What is expected: Exact repetition of a range: find the line containing "穿上衣服的大衣哥说:衣服滑溜的,特别的舒服,面料也非常的透气,好啊,太好了。" and the line containing "Portrait of the" in the material below, then repeat both and all lines between them, leaving pictures out.

--- Provided records Enclosed Below ---

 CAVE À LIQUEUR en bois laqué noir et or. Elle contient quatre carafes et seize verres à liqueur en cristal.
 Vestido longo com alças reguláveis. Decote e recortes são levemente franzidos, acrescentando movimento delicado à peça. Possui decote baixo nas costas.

--- End of Enclosed Provided records ---
--- Provided records Enclosed Below ---

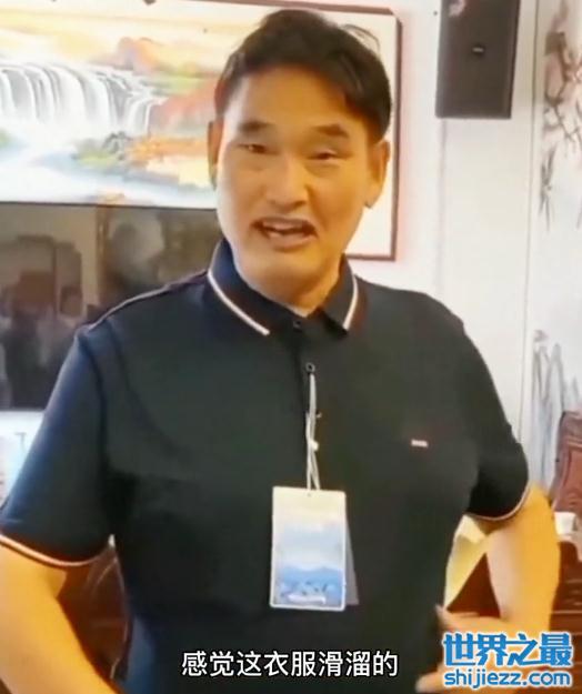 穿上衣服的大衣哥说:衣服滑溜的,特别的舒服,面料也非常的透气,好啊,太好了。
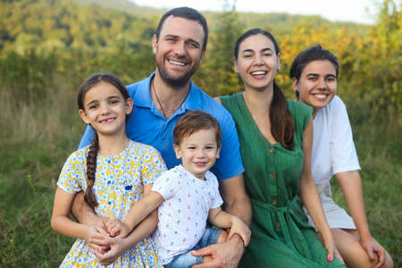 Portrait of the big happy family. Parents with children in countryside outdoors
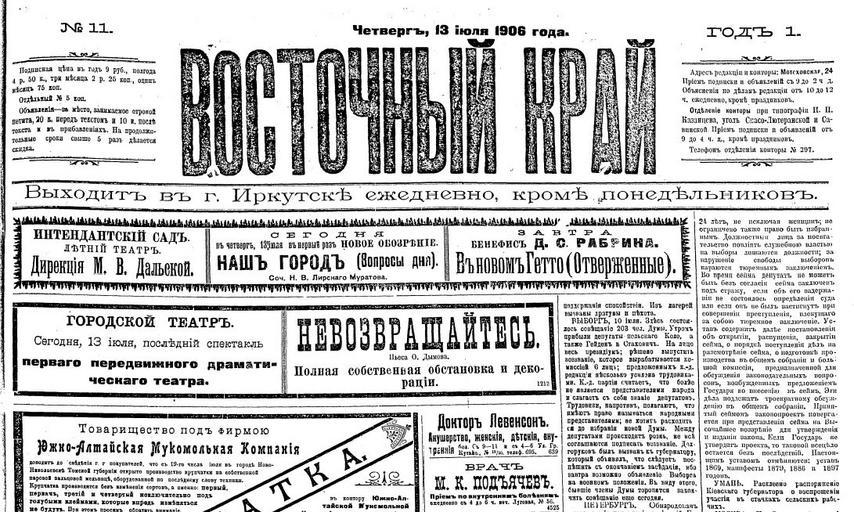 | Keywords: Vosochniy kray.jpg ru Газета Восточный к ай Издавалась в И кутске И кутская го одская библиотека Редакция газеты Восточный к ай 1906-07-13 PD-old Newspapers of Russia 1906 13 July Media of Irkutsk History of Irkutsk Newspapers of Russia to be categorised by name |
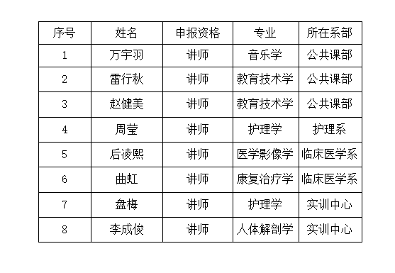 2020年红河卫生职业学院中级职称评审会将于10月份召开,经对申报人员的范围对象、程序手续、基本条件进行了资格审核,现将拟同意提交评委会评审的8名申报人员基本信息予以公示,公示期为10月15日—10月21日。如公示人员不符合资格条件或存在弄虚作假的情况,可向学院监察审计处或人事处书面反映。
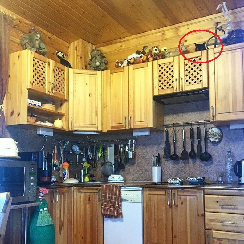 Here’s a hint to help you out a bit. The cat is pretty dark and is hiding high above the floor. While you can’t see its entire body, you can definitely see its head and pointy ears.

--- End of Enclosed Provided records ---

Solution:
 穿上衣服的大衣哥说:衣服滑溜的,特别的舒服,面料也非常的透气,好啊,太好了。
 Portrait of the big happy family. Parents with children in countryside outdoors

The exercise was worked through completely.